The present invention relates to techniques that perform operations plural data items.
Many conventional techniques perform operations on plural data items. Some examples arise in the field of image processing, in which each data item can relate to a pixel in an image.
Mahoney, EP-A 460 970, describes hierarchical data analysis techniques that can be applied to pixel values. FIG. 7 shows a Connection Machine system that performs image processing by simulating a binary image jungle (BIJ). A front end processor can make calls to cause processing units in the Connection Machine to perform arithmetic and logical operations. FIG. 8 illustrates a part of an array of processing units in a Connection Machine, with a processing unit storing a pixel value. FIG. 15 illustrates how binary attributes, fullness and vacantness, can be encoded using a number indicating a level at which a transition takes place. Page 22 lines 18-19 mention that a downward attribute value could be produced by applying a criterion. FIG. 17 illustrates a technique in which an array is produced by comparing each value in an array with neighboring values. As described in relation to FIGS. 18 and 19, chunks of an image that meet a validity criterion can be found by producing an exhaustive hierarcy of data items. As described in relation to FIG. 22, a saliency criterion, such as maximum or minimum attribute value, can be used to decide from which component a pixel should take a label. Selection criteria are described at page 28 and illustrated in FIGS. 24 and 25. Page 31, beginning at line 15, describes extensions to handle color and gray shaded images.

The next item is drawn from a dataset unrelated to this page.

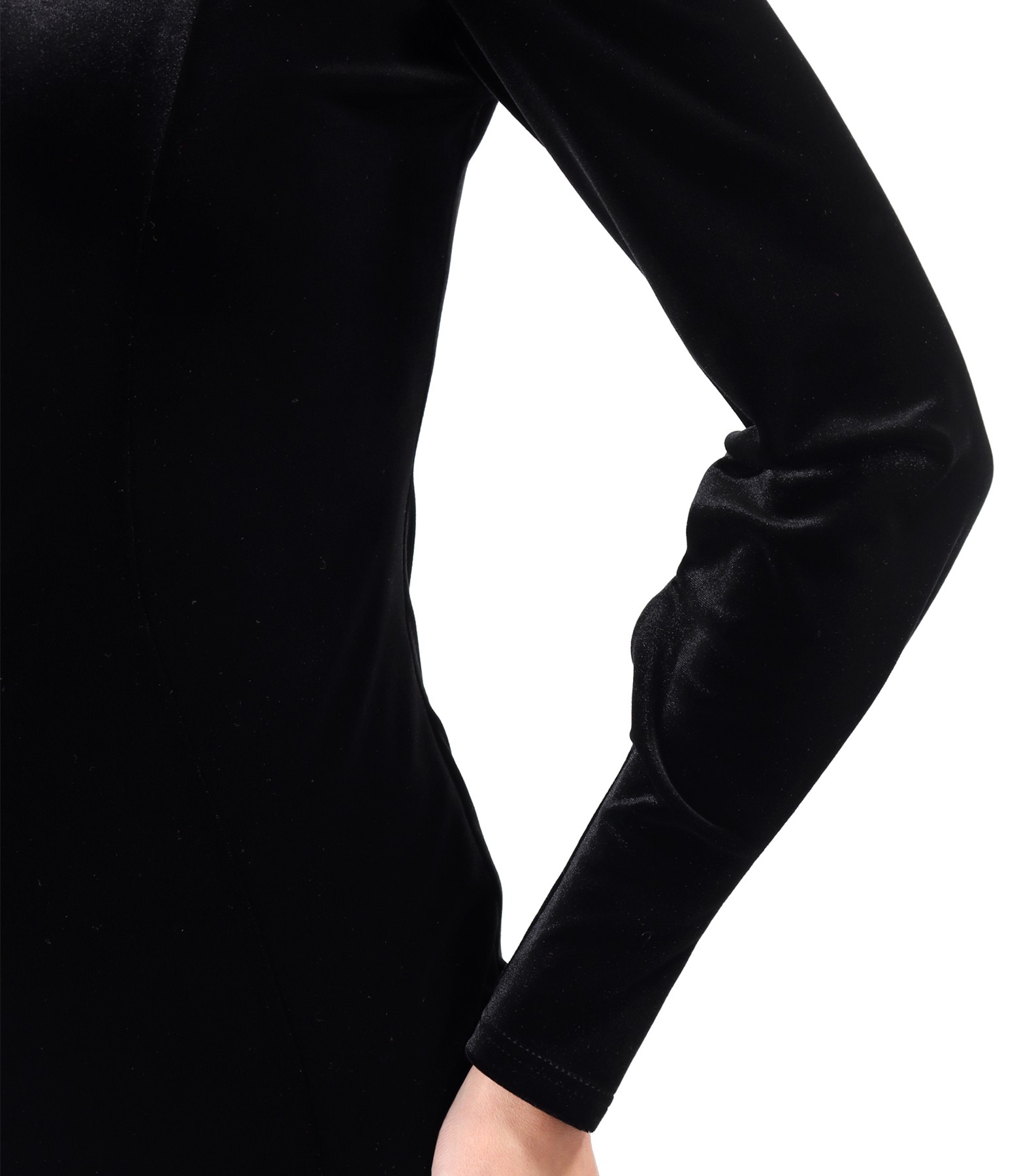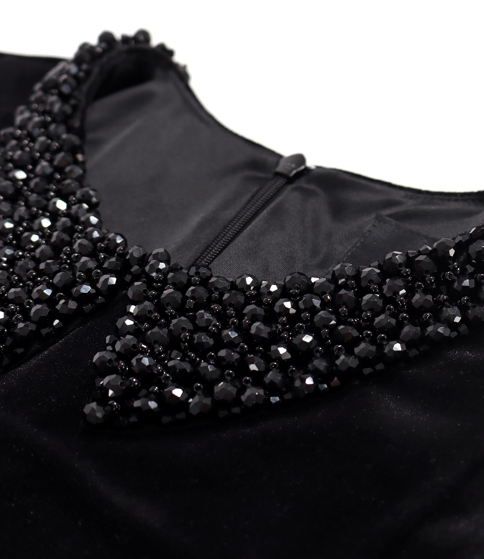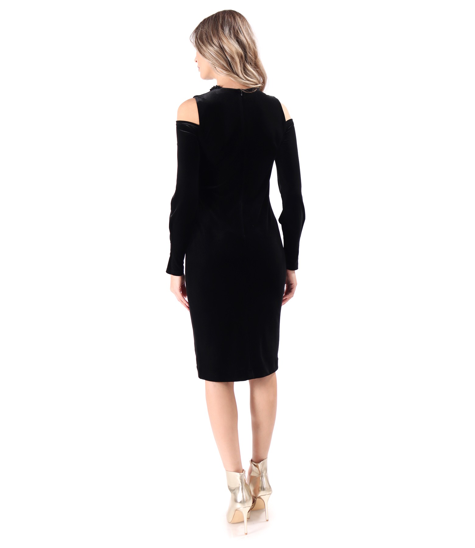 Rochie de seara din catifea elastica neagra cu umerii goi, captusita, maneci lungi usor bufante, si cu guler ascutit cu pietre negre. Se inchide cu fermoar ascuns pe mijloc spate.

Bloomberg et al., EP-A 431 961, describe image reduction and enlargement techniques. Page 2 line 18-page 3 line 18 and page 5 line 50-page 6 line 31 describe methods of reducing a binary image by performing logical operations between bits. Page 3 lines 36-58 describe techniques for operating on very wide pixelwords that include shifting a pixelword and then logically combining the pixelword with a shifted version of itself. The result is then compressed. Page 4 lines 43 and 44 define AND, OR, and XOR as logical operations carried out between two images on a pixel-by-pixel basis, while NOT is a logical operation carried out on a single image on a pixel-by-pixel basis.
As Bloomberg et al. note in relation to FIG. 1, a scanner may provide a gray scale image with a plurality of bits per pixel. Page 12 line 46-page 13 line 11 describe an extension in which a grayscale image is reduced to obtain a reduced grayscale image with the same number of bits/pixel by replacing the four pixel values in each 2.times.2 square by a single pixel with an approximate average value.
Bloomberg et al. note at page 14 lines 35-38 that their algorithms lend themselves to parallelism, with many processors independently performing thresholded reduction on parts of an image, such as bands of a given number of scanlines.